A 3D structure of chromatin plays a key role in genome function, including gene expression, DNA replication, chromosome segregation, and DNA repair. Furthermore, the location of genomic loci within the nucleus, especially relative to each other and nuclear structures such as the nuclear envelope and nuclear bodies strongly correlates with aspects of function such as gene expression.

Therefore, determining the 3D position of the 6 billion DNA base pairs in each of the 23 chromosomes inside the nucleus of a human cell is a central challenge of biology. Recent advances of super-resolution microscopy in principle enable the mapping of specific molecular features with nanometer precision inside cells.

Combined with highly specific, sensitive and multiplexed fluorescence labeling of DNA sequences this opens up the possibility of mapping the 3D path of the genome sequence in situ. To test our approach, they develop a method for the simulation of DNA in an idealized human nucleus. The primary nucleic acid sequence of the human genome is not sufficient to understand its functions and their regulation.

Fitting the 6 billion basepairs or approximately 2 m of double-helical DNA into an approximately ten μm radius nucleus requires tight packing of DNA into chromatin, where about 150 bp of DNA are wrapped around cylindrical nucleosome core particles, which in turn can be tightly packed due to interspersed flexible linker DNA.

Also, each chromosomal DNA molecule occupies a discrete 3D volume inside the nucleus, and the arrangement of these chromosome territories is non-random and changes with cell differentiation. Structural biology techniques, such as electron microscopy, crystallography, and NMR have given atomic-level insights into the physical structure of the DNA double helix and the nucleosome.

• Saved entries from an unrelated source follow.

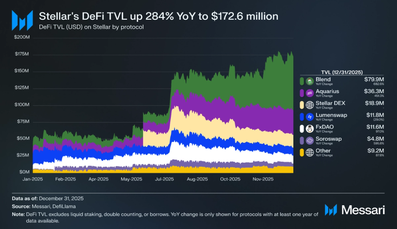 DeFi total-value locked (TVL) on Stellar elevated 284% in 2025 from $44.9 million to $172.6 million. The vast majority of development got here from overcollateralized lending and borrowing protocol Mix, which grew 7.8x YoY from $10.2 million to $79.9 million. APY on USDC deposited on Mix has ranged between 12-18% in current months, a really enticing price in comparison with established overcollateralized lending and borrowing protocols like Aave V3 and SparkLend, which have ranged between 2-7% APY.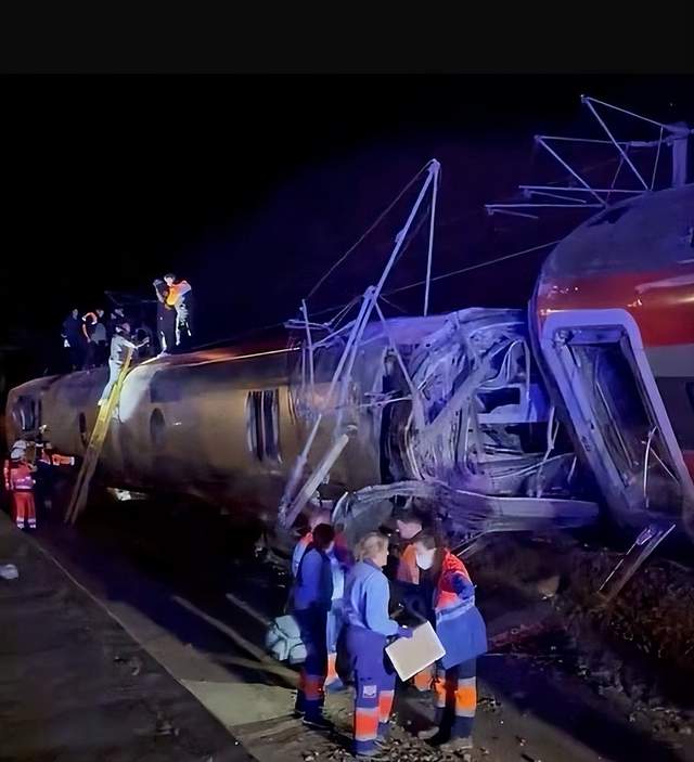 事故现场令人触目惊心:车厢如被巨力揉捏的纸盒,车窗玻璃化为满地星辰,旅客行李散落四处。救援车辆的警示灯光划破夜空,消防员用液压器械撑开变形的车门,医护人员跪在碎石间实施急救,直升机轰鸣着将重伤者转运至附近医院。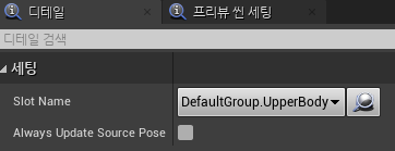 애니메이션 블루프린트로 돌아와서 원하는 DefaultSlot 선택 후, Slot Name을 아까 추가한 슬롯을 선택해주면 된다.
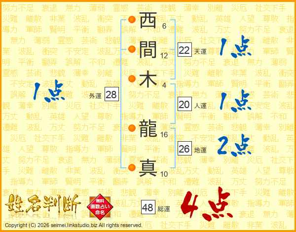 西間木龍真さんの総運は48画の4点!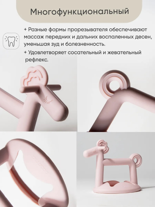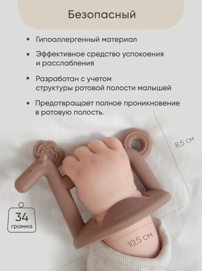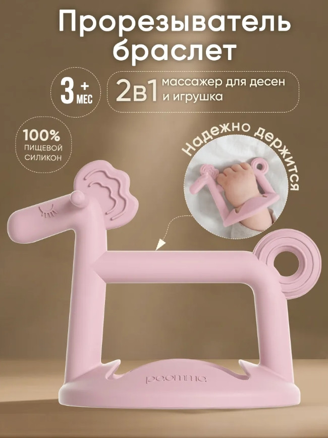 💳 Оплатить за товар можно при получении 🇰🇿 Есть бесплатная доставка по Казахстану от 1 дня 🎁 Копите бонусы с каждой покупки Прорезыватель для зубов Paomma в виде браслета создан с любовью, чтобы поддержать вашего малыша в период появления первых зубов. Мягкий и при этом прочный нетоксичный материал – 100% пищевой силикон – не вызывает аллергии и полностью безопасен для малышей с рождения. Прорезыватель-грызунок разработан с учетом всех физиологических особенностей детей разного возраста, исключает возможность полного проникновения игрушки в рот. Уникальная конструкция позволяет надежно закрепить его на запястье малыша, что значительно упрощает использование. Не нужно беспокоиться о том, что он упадет на пол, что делает развивающую игрушку для новорожденных более гигиеничной и удобной, чем прорезыватель-погремушка, варежка, перчатка. Благодаря форме милого пони, игрушка для малышей привлекает внимание ребенка и развивает воображение, превращая его в первую и самую любимую игрушку до года. Массажные выступы на голове и хвосте грызунка обеспечивают мягкое воздействие на передние и задние дёсны, что способствует снижению зуда, дискомфорта и болезненных ощущений. Такая структура идеально подходит для малышей, у которых начинают резаться зубы, и помогает справиться с неприятными ощущениями. Прорезыватель для зубов охлаждающий необходимо предварительно поместить в холодильник на несколько минут, чтобы получить успокаивающий эффект. Прорезыватель для детей можно ставить вертикально, что предотвращает его контакт с поверхностями и сохраняет его гигиеничность. Силиконовый прорезыватель легко мыть: под проточной водой, в посудомоечной машине, стерилизовать не более 5 минут. Компактная форма также позволяет легко брать его с собой на прогулки или в поездки. Гармоничные пастельные оттенки прорезывателя легко вписываются в интерьер детской комнаты и отлично сочетаются с другими аксессуарами бренда Paomma. |

Recent developments in light microscopy techniques, collectively called super-resolution microscopy, can determine the position of single fluorescent molecules with a precision of a few nanometers, much below the diffraction barrier.  They have simulated chromosomal DNA molecules and used a challenging density in the simulated nucleus. However, our simulation is coarse-grained and does not at this time take into account some known properties of chromatin.

One important feature not considered is the known structural heterogeneity of chromatin packing of different genomic sequences, for example, eu- and heterochromatic domains or TADs. Super-resolution microscopy of thousands to millions of in situ genome sequence probes to provide accurate physical reconstructions of 3D chromatin structure at the chromosomal scale in single human cells. 

The study shows that near complete resolution of a chromosome with 10 kb resolution can be achieved with realistic microscope resolution and fluorescent probe multiplexing parameters. Extensions to this method such as leveraging between nucleus consistency effects and using a likelihood-based scheme will allow even more sophisticated modeling of experimental error sources in the future.